Actual operating position of the present invention is as follows:

Embodiment 1

As shown in Figure 2, in the public safety, in admission camera video content, obtain audio files and use speech recognition technology to handle accordingly, be stored in high in the clouds, or only preserve text beyond the clouds, with the actual audio-video document of other big data quantity memory bank storages easily, can carry out the screenshotss picture of single text retrieval or text, video segment and corresponding timeslice as result for retrieval at two kinds of situations during retrieval.

Embodiment 2

As shown in Figure 3, during the individual uses, can do the Internet video medium to video file equally similarly retrieves, the special application, enroll the memory location when for example putting article in order and quote corresponding Item Title, import corresponding Item Title during search and can find the article storage position, prevent because of the difficulty problem of forgeing or situation such as non-arrangement people finder exists of looking for, take when for example cleaning up the room and say: the clothing in summer is put here, daddy's shirt is put here, old mother's overcoat is put here, younger brother's pencil is put here, elder sister's cosmetics are all put here, when searching the input shirt, retrieve a plurality of shirt results then, according to screenshotss determine the target shirt timeslice or directly find the position to get final product.This domestic. applications can have been avoided greatly because of can not find the conflict that article or house person cause the reasons such as misunderstanding of the difference of same things memory, and the old man relatively poor at memory is especially convenient.

Embodiment 3

As shown in Figure 4, search at the Internet video medium, high in the clouds is analyzed with sound video and is transformed, and indicate by Time Line in the mode of similar captions, the user only need import corresponding text or says the content of wanting to search for (being converted to text by speech recognition technology equally) and can list corresponding captioned test and the screenshotss picture of video segment and corresponding Time Line during search.Example when the user only remembers the part lines of certain film, uses this technology to carry out video frequency searching at these part lines.
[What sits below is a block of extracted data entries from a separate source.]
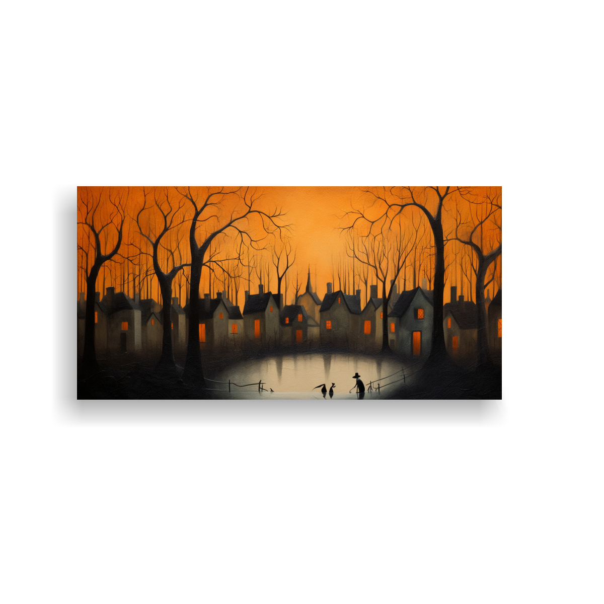 Añade belleza a tu espacio con este cuadro inspirador que muestra varias casas en un lago, combinando tonos azul marino grisáceo y carmesí DecoCuadros ofrece la mejor calidad y precios económicos en cuadros decorativos
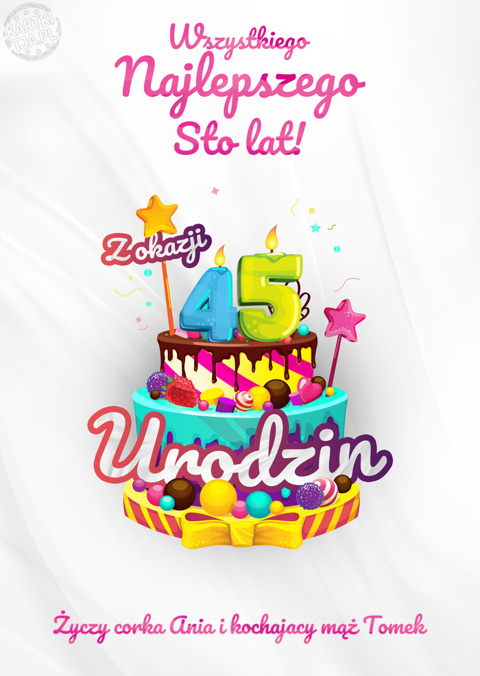 Sto lat!, Wszystkiego najlepszego z okazji 45 urodzin corka Ania i kochajacy mąż Tomek
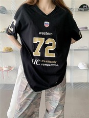 2024 夏 韓国可愛い風トップス Tシャツ ファッション系 半袖 スリムフィット サイド ペイントシルエットゆったり丈 休日レディースサイズ韓国Vネック おしゃれ カジュアル メンズライク T

In summary, owing to adopted above-mentioned technology, the present invention can carry out extensive and pointed search to video, also can use this technology to locate fast at public safety and personal objects aspect searching simultaneously.

Above-described embodiment only is used to illustrate technological thought of the present invention and characteristics, its purpose is to make those skilled in the art can understand content of the present invention and implements according to this, can not only limit claim of the present invention with present embodiment, be all equal variation or modifications of doing according to disclosed spirit, still drop in the claim of the present invention.

Claims

1. the method for video speech recognition and retrieval is characterized in that: may further comprise the steps:

(1) the sound part with all videos changes text into by speech recognition;

(2) text is stored separately respectively or is attached in its video;

(4) retrieve the word tag of all videos.

2. the method for video speech recognition as claimed in claim 1 and retrieval, it is characterized in that: the text in the described step (2) is preserved with the word file form.
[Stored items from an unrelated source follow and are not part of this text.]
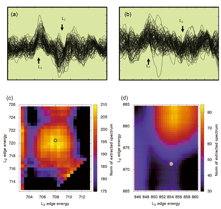 0.5eV間隔でピーク位置を順次変えて、そこからそれぞれ±5eVの範囲に(3)式の積分領域をとった場合のEMCD信号のユークリッドノルムのプロットをFig.7(c)及び(d)に示す。仮定したL3ピーク位置を横軸に、L2ピーク位置を縦軸にとり、緑丸が実際のL3/L2ピーク位置を表す。多結晶鉄膜のデータは実験ピーク位置から1eV以内の位置に極大を示すのに対し、NiOでは実験ピーク位置に目立った極大が見られないという明確な違いがあり、本解析法の有効性が示された。
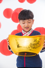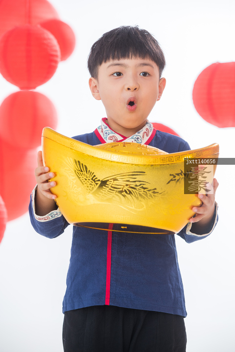 图片标题: 快乐的小男孩抱着金元宝
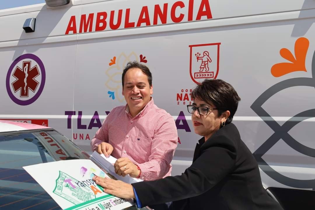En la explanada de la presidencia municipal autoridades del sector salud y del Ayuntamiento de Nativitas realizaron la firma de convenio y colocaron las calcomanías a la ambulancia de protección civil y a la patrulla de genero de seguridad publica del municipio.
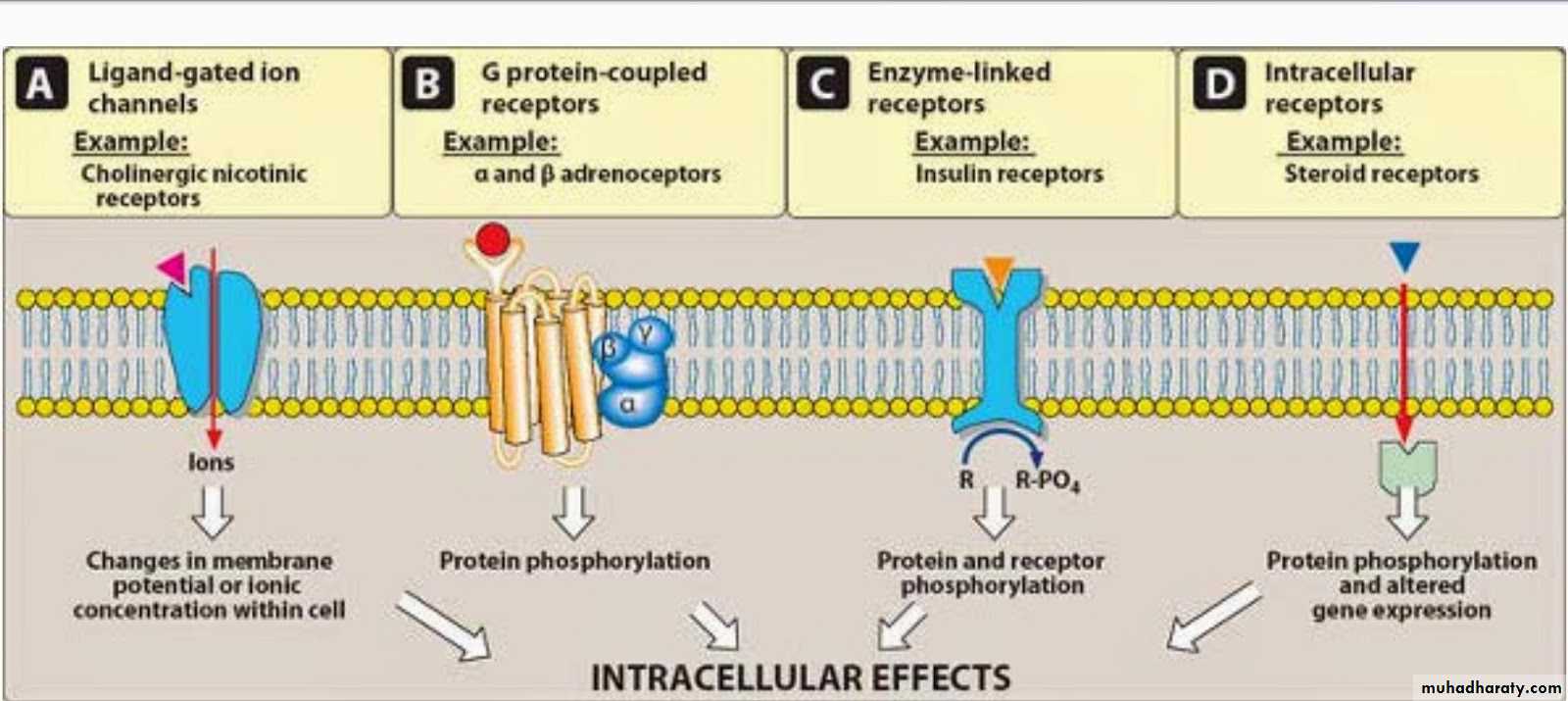 Major Receptor families: A) Ligand-gated ion channel B) G protein-coupled receptor C) Enzyme-linked receptors D) Intracellular receptorsA) Ligand-gated ion channel The most rapid cellular responses to receptor activation are mediated via ligand-gated ion channels. These kind of transmembrane receptors composed of multiple peptide subunits. The ligand binding causes conformational changes of receptor and opening of ion channel. Eg: nicotinic receptorsB) G protein-coupled receptor: It comprised of a single peptide that has seven membrane-spanning r egions.- These receptors are linked to a G Protein (Gs and others) having three subunits, alpha (α) subunit (binds guanosine triphosphate GTP) and a beta-gamma (βY) subunit.- Binding of appropriate ligand to extracellular region of the receptor activates the G Protein, so that GTP replaces guanosine diphosphate GDP on the alpha subunit.-Dissociation of G Protein occurs, and both the alpha-GTP subunit and the βY subunit interact with other cellular effectors (an enzyme or an ion channel). - Effectors then change the concentration of the 2 nd messenger that are responsible for further actions within the cell.-Stimulation of these receptors results in responses last several seconds to minutes

3. the method for video speech recognition as claimed in claim 1 and retrieval, it is characterized in that: the text in the described step (2) is preserved with the TXT document form.
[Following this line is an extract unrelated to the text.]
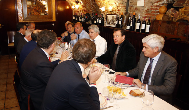 Enrique Cerezo ejerció de anfitrión con la directiva del conjunto sevillista que encabezó José Castro
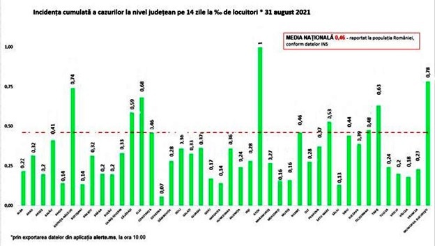 | Nr. crt. | Județ | Număr de cazuri confirmate(total) | Număr de cazuri nou confirmate | Incidența înregistrată la 14 zile |

4. the method for video speech recognition as claimed in claim 1 and retrieval, it is characterized in that: the individual character number of the word tag in the described step (3) is defined as 3.

5. the method for video speech recognition as claimed in claim 1 and retrieval, it is characterized in that: the individual character number of the word tag in the described step (3) is defined as 5.

6. the method for video speech recognition as claimed in claim 1 and retrieval, it is characterized in that: the individual character number of the word tag in the described step (3) is defined as 10.